In the past month, though, Target has been trading flat as Walmart sags. Thursday’s results from the two companies accelerated the trend, as a slightly low sales number at Walmart drove its shares down while Target’s rose on better-than-expected profit. Perhaps Walmart shares had simply got ahead of themselves, and are reverting. It could also be that the biggest difference between the companies is starting to work in Target’s favour.
Target is purely North American. Walmart is ever more global; more than a quarter of its retail space sits outside the US and Canada. And between 2006 and 2011 well over half of Walmart’s growth in square footage came from outside North America. This difference between the two companies explains almost all of Walmart’s edge in sales growth. During the same five-year period, average annual sales growth at Target has been a bit more than 3 per cent, about 2 percentage points less than Walmart as a whole – but all of 25 basis points less than Walmart’s US sales growth.

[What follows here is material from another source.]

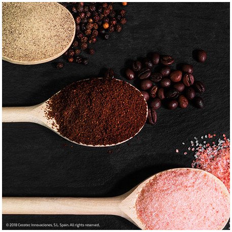 Máxima capacidad de 90 g con mediciones para calcular dosis de forma simple.

As the US economy suddenly looks like the best of a bad lot globally, investors may warm to Target’s cosy domesticity. All the more so following Thursday’s disclosure that Walmart’s internal probe into possible violations of US corruption law now includes Brazil, India and China – on top of already-disclosed enquiries in Mexico. The four countries account for more than half of Walmart’s international footprint. The chances that the investigations will lead to penalties big enough to do Walmart substantial damage is low. But they may signal that future international expansion will proceed at a much more measured pace.